Scenic Beauty in Lopburi

Dear friends and readers, for those who are celebrating the Lunar New Year of the Tiger, Gong Xi Fa Cai. May you and your families be blessed with good health, happiness and prosperity.

Happy Valentine's Day to all of you too. Valentine's Day also marks the 19th anniversary of my stay in Thailand. So it's a happy occasion for me as well.

In this issue we get away from the historical ruins in Lopburi City to explore the natural beauty in the province as far as 100 km from the city centre.

Our tour will cover a sunflower field, a viewing point on a mountain, the largest dam and catchment area in Thailand, a wildlife sanctuary and a temple on a mountain.

Let's take a look at each of these places in Lopburi.

Contents (click on the link to go directly to the topic)

Wicharn Sunflower Field

It was November when we visited Lopburi; the start of the sunflower season. It would be a shame to miss out on these beautiful flowers even though I've viewed them a couple of times before. So, we turned into route 3017 at the Nikom Sang Ton Eng junction to look for these flowers.

But it was so different from my first visit here in 2009. Back then the sunflower fields could be seen from the main road. It took just a short walk to get to the fields. This time round, the buildings were right up to the main road. We had to ask our way to the sunflower fields.

The staff at a gas station kindly directed us to this field; Wicharn Sunflower Field. After a short drive, we arrived at the sunflower field.

The Wicharn Sunflower Field

Unlike in the past when there was no entrance fee, this field had an entrance fee. There was also a small market to walk through to get to the entrance.

At the market we bought some packets of sunflower seeds which provided a crunchy and aromatic snack.

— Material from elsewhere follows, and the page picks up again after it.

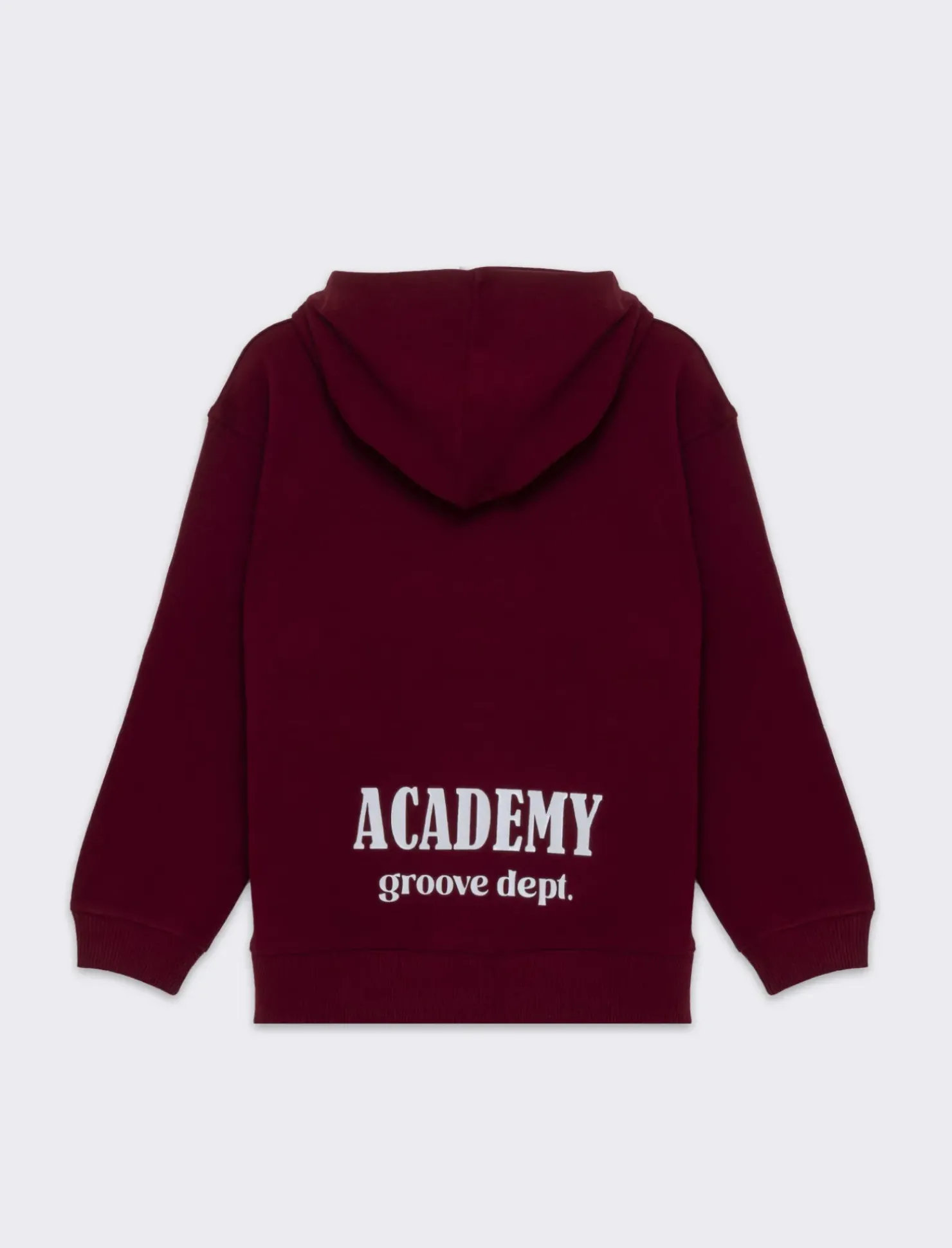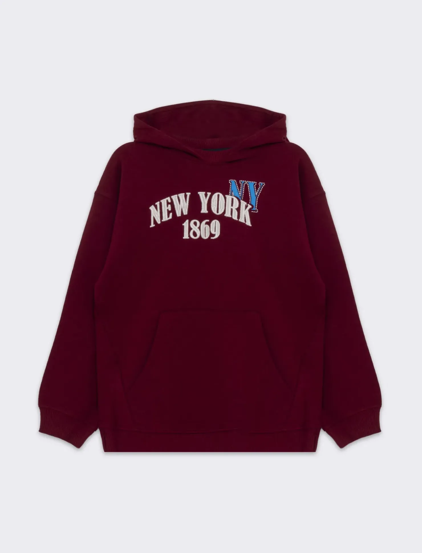 FELPA GARZATA CON CAPPUCCIO E FONDO ASIMMETRICO. LINEA OVER E RICAMO IN STILE COLLEGE PER UN GUSTO SPORTIVO. Il prodotto è di colore Bordeaux

Coconut flavoured crunchy sunflower seeds

When we entered the field, the sunflowers were as glorious as ever.

Among the blooms

I've always had a fascination with sunflowers since I first came to live in Thailand. That feeling is just as strong today.

Parting shots

For more on these sunflower fields, please see Sunflowers of Lopburi


Khao Phraya Doenthong

Our next stop was Khao Phraya Doenthong, a viewing point up on a mountain. From here we had a panoramic view of the Pasak Chonlasit Dam, the catchment area and beyond.

It's not far from the sunflower field but the going was slow as we were driving uphill.

The way up

The view was breath-taking at the top. It was like having the whole north-eastern sector of Lopburi right at our feet us, a wonderful experience. Initially it was very cloudy and misty in the distance. We couldn't get a clear of the reservoir.

View from the top

Later in the morning when the sun was stronger, the view cleared.

Pasak Jolasid Reservoir and beyond

A memorable sight


Pasak Chonlasit Dam

The Pasak Chonlasid Dam was opened on 25 Nov 1999. With a length of 4.86 km, it's the longest dam in Thailand. It has a rain water catchment area 14,520 sq km and a reservoir capacity of 785 cu m.

Entrance to the Pasak Jolasid Reservoir and area

This catchment area provides irrigation and fishing areas to Lopburi and neighbouring Saraburi. Besides irrigation, the dam also generates hydroelectricity.

Placid waters of the Pasak Jolasid Reservoir

The popular monkey mascot of Lopburi

The Pasak Chonlasit Dam area is a popular picnic location for the locals.

Parting shot


Khao Somphot Wildlife Sanctuary

Next, we drove on to the Khao Somphot Wildlife Sanctuary. Even when we were on the mountain, we weren't quite sure where the sanctuary was. So, we stopped at a building to ask the way.

Ranger Station

We were in luck, the building turned out to be the ranger station. We asked the ranger where the wildlife sanctuary was and he replied that it's all around us.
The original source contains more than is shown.